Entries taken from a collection
^^^^^^^^
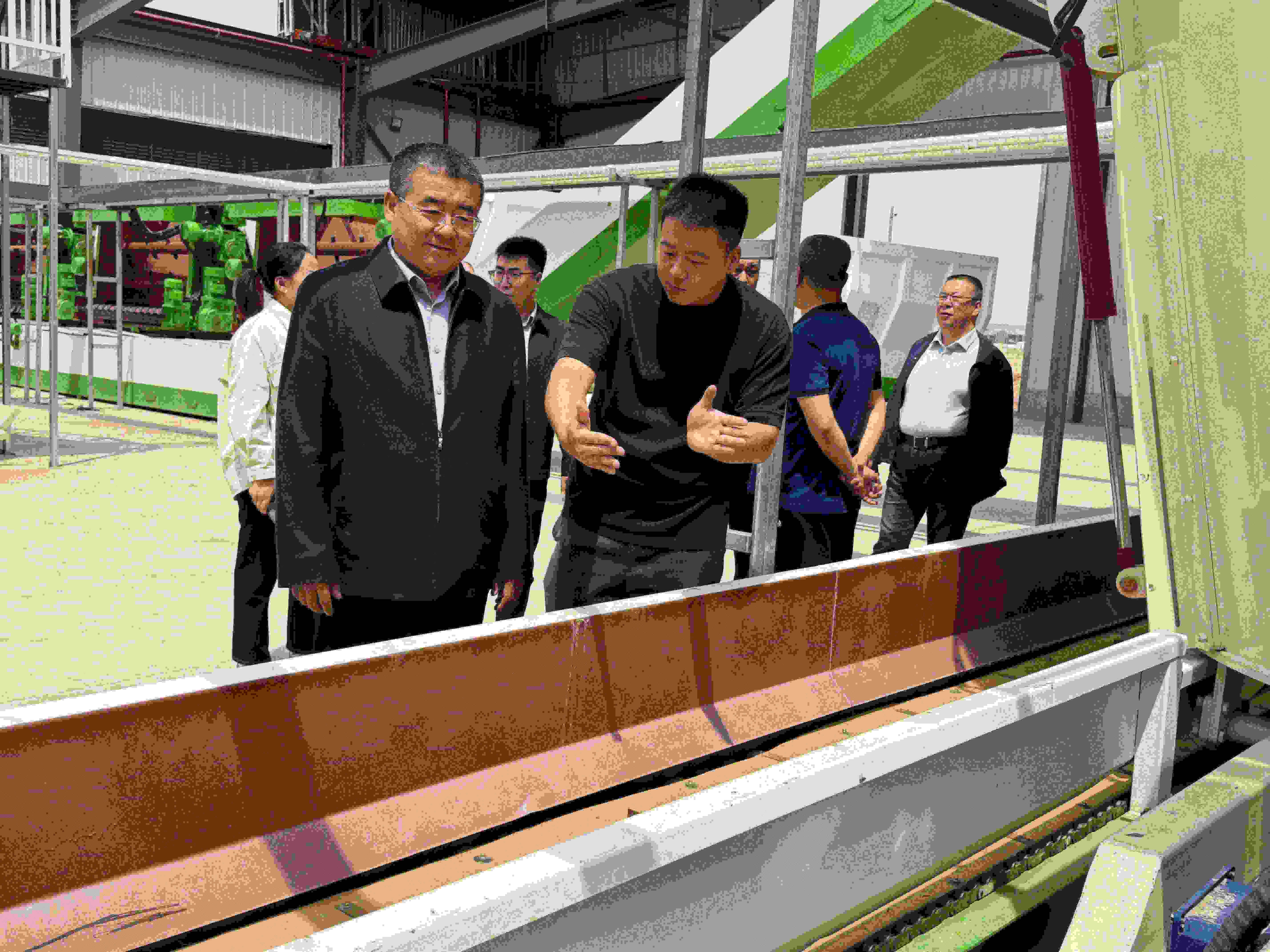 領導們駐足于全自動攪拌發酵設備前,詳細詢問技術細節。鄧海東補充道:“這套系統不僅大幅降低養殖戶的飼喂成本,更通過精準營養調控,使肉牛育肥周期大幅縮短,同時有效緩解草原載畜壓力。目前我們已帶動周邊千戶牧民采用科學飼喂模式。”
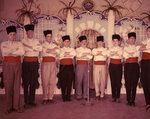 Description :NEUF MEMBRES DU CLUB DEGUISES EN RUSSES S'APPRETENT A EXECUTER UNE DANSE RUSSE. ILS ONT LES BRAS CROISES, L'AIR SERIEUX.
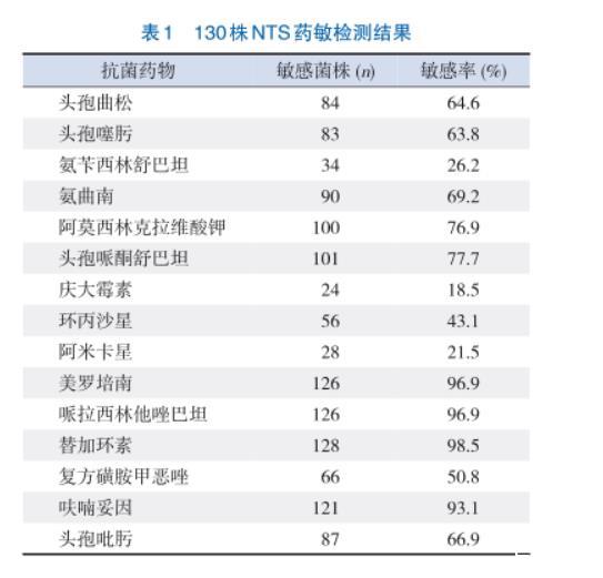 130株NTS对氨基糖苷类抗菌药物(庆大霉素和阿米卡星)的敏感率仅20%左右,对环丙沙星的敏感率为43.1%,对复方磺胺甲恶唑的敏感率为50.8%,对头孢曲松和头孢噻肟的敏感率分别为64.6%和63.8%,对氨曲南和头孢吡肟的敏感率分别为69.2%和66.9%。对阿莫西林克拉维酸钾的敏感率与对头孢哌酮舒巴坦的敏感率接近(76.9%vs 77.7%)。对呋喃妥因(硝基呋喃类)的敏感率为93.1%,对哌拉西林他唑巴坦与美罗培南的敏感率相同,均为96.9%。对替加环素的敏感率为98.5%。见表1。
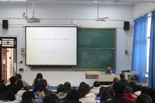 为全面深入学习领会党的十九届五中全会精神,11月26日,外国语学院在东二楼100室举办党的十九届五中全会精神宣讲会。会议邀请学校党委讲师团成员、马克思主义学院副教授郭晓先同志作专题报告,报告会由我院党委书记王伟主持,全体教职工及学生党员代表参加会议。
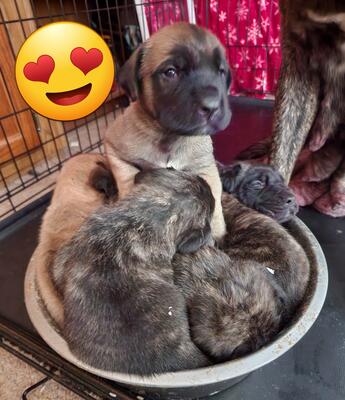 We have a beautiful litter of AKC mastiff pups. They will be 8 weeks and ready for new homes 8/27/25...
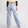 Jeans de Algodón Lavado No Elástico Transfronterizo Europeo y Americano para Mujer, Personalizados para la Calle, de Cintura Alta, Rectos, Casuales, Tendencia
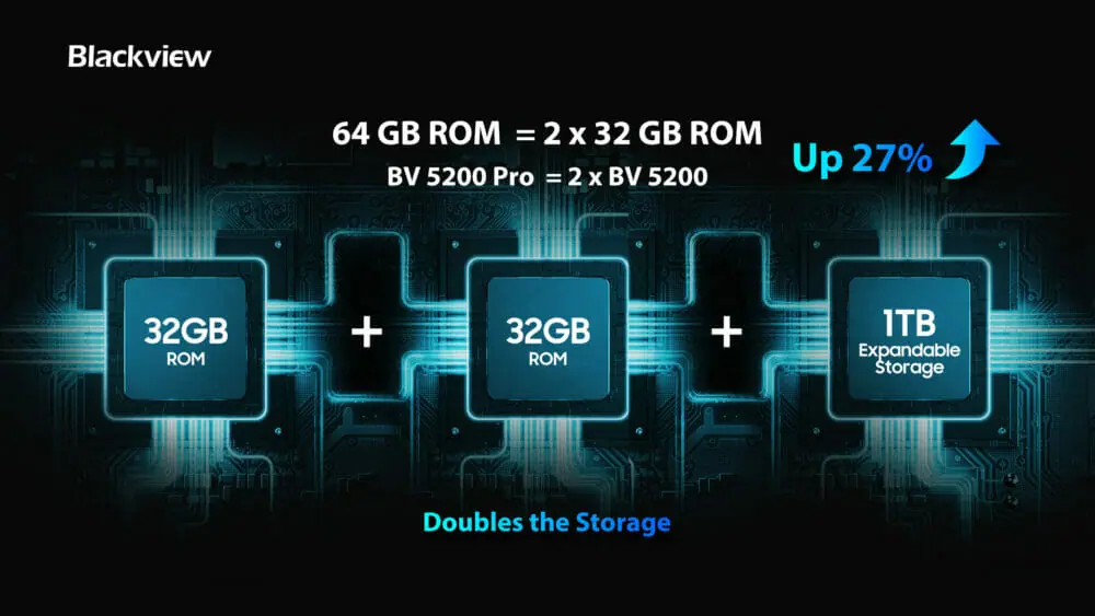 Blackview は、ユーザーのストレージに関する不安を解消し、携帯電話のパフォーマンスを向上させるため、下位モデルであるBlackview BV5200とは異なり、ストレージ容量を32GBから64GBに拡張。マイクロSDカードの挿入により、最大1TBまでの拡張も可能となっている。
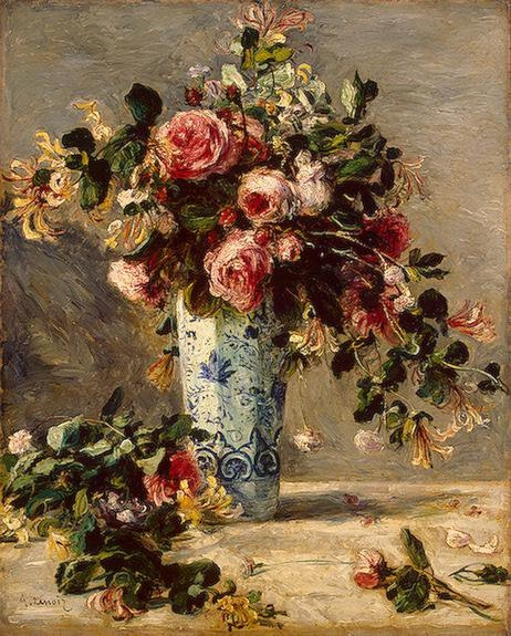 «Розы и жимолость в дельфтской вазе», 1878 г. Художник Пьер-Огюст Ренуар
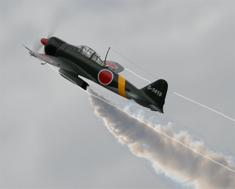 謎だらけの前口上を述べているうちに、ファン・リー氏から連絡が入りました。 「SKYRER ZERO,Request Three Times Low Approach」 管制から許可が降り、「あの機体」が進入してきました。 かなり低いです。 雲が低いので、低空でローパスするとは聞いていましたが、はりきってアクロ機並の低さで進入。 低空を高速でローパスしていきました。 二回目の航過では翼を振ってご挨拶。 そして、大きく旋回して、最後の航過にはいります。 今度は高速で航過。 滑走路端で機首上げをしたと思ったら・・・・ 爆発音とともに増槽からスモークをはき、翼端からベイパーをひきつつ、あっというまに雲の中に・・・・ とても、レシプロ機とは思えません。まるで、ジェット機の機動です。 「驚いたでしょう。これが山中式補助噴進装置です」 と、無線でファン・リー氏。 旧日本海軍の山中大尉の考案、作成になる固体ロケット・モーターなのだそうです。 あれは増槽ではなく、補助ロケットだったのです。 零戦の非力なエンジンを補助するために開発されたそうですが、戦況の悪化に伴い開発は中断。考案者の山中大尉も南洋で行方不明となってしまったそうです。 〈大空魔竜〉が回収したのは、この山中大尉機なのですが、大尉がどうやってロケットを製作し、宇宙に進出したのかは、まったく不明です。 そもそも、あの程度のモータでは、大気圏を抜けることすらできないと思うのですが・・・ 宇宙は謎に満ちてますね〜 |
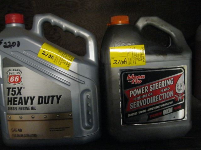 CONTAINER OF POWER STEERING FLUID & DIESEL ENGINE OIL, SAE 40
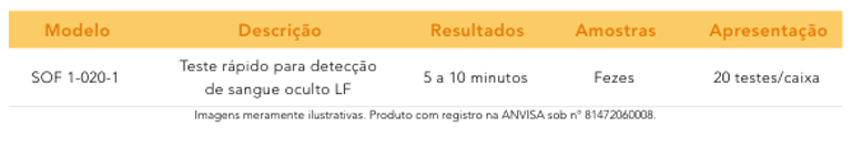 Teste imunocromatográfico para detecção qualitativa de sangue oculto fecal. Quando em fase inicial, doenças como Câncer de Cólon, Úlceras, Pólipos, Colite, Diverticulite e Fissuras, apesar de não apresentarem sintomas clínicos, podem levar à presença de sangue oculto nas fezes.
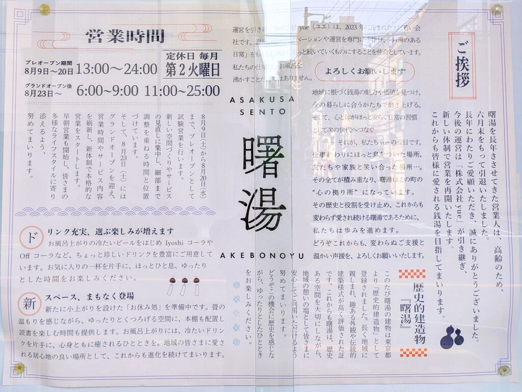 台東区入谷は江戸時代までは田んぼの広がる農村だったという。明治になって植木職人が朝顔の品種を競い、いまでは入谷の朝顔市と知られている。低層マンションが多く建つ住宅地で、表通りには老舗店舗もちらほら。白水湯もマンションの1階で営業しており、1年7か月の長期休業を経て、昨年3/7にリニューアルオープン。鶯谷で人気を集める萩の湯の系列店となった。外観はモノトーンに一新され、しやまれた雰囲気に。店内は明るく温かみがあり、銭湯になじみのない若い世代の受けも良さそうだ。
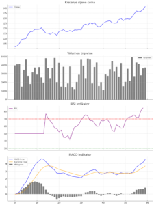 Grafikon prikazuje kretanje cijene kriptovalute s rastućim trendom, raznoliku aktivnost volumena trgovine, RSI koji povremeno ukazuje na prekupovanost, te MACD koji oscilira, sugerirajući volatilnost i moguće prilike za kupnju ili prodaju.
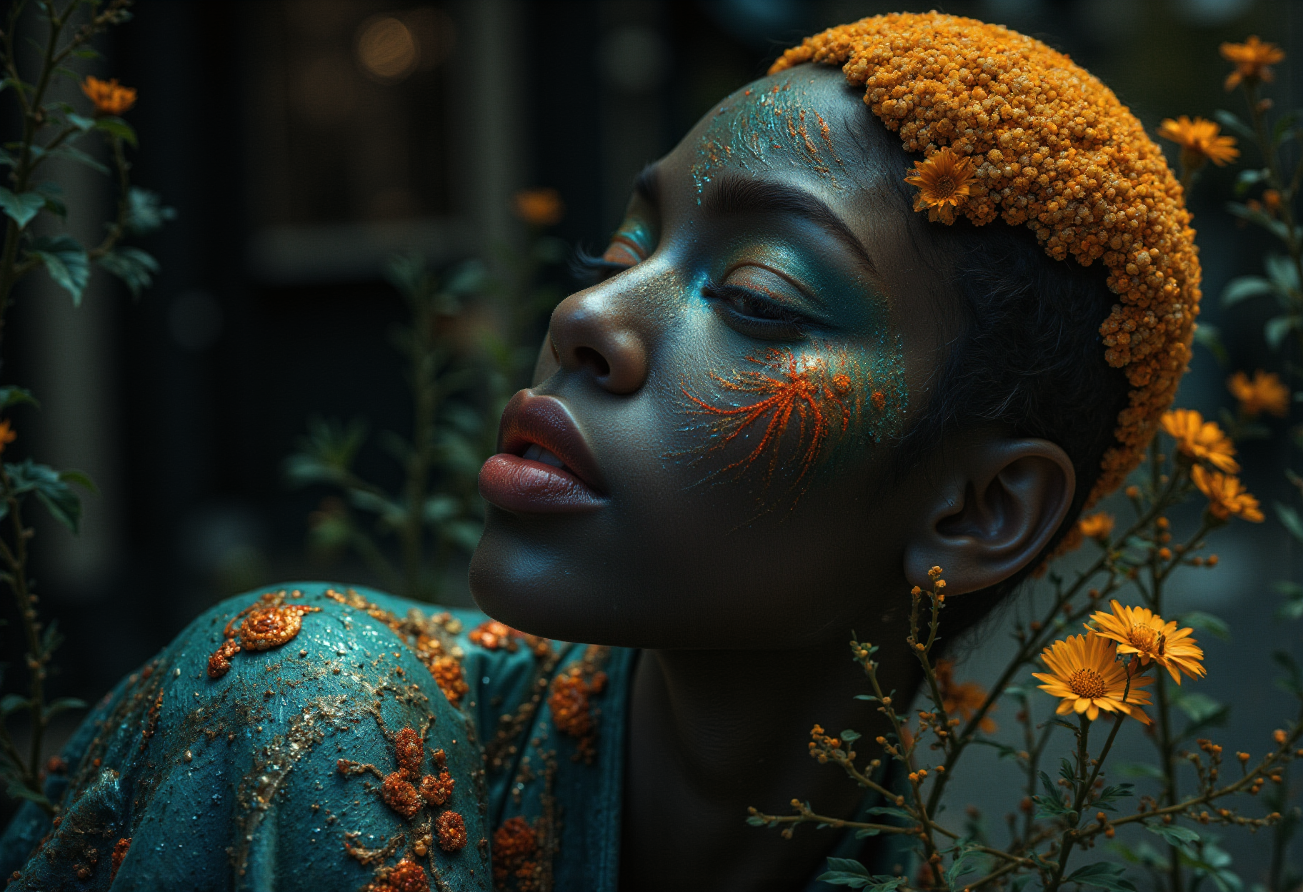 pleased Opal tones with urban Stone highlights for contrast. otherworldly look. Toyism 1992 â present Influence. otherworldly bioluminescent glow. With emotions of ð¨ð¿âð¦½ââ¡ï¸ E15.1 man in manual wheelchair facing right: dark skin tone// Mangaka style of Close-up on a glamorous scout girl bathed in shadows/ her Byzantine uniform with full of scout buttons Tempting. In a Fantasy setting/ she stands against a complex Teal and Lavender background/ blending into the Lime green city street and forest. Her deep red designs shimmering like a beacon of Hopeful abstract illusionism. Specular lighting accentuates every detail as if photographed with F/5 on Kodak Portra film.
^^^^^^^^
◆ WHAT YOU HAVE TO DO
Starting at the line with "Description :NEUF MEMBRES" in the entries above, write out every line exactly until the line with "Jeans de Algodón" has been written. Include no pictures and nothing more.

◆ RESULT FOR THIS TASK
 Description :NEUF MEMBRES DU CLUB DEGUISES EN RUSSES S'APPRETENT A EXECUTER UNE DANSE RUSSE. ILS ONT LES BRAS CROISES, L'AIR SERIEUX.
 130株NTS对氨基糖苷类抗菌药物(庆大霉素和阿米卡星)的敏感率仅20%左右,对环丙沙星的敏感率为43.1%,对复方磺胺甲恶唑的敏感率为50.8%,对头孢曲松和头孢噻肟的敏感率分别为64.6%和63.8%,对氨曲南和头孢吡肟的敏感率分别为69.2%和66.9%。对阿莫西林克拉维酸钾的敏感率与对头孢哌酮舒巴坦的敏感率接近(76.9%vs 77.7%)。对呋喃妥因(硝基呋喃类)的敏感率为93.1%,对哌拉西林他唑巴坦与美罗培南的敏感率相同,均为96.9%。对替加环素的敏感率为98.5%。见表1。
 为全面深入学习领会党的十九届五中全会精神,11月26日,外国语学院在东二楼100室举办党的十九届五中全会精神宣讲会。会议邀请学校党委讲师团成员、马克思主义学院副教授郭晓先同志作专题报告,报告会由我院党委书记王伟主持,全体教职工及学生党员代表参加会议。
 We have a beautiful litter of AKC mastiff pups. They will be 8 weeks and ready for new homes 8/27/25...
 Jeans de Algodón Lavado No Elástico Transfronterizo Europeo y Americano para Mujer, Personalizados para la Calle, de Cintura Alta, Rectos, Casuales, Tendencia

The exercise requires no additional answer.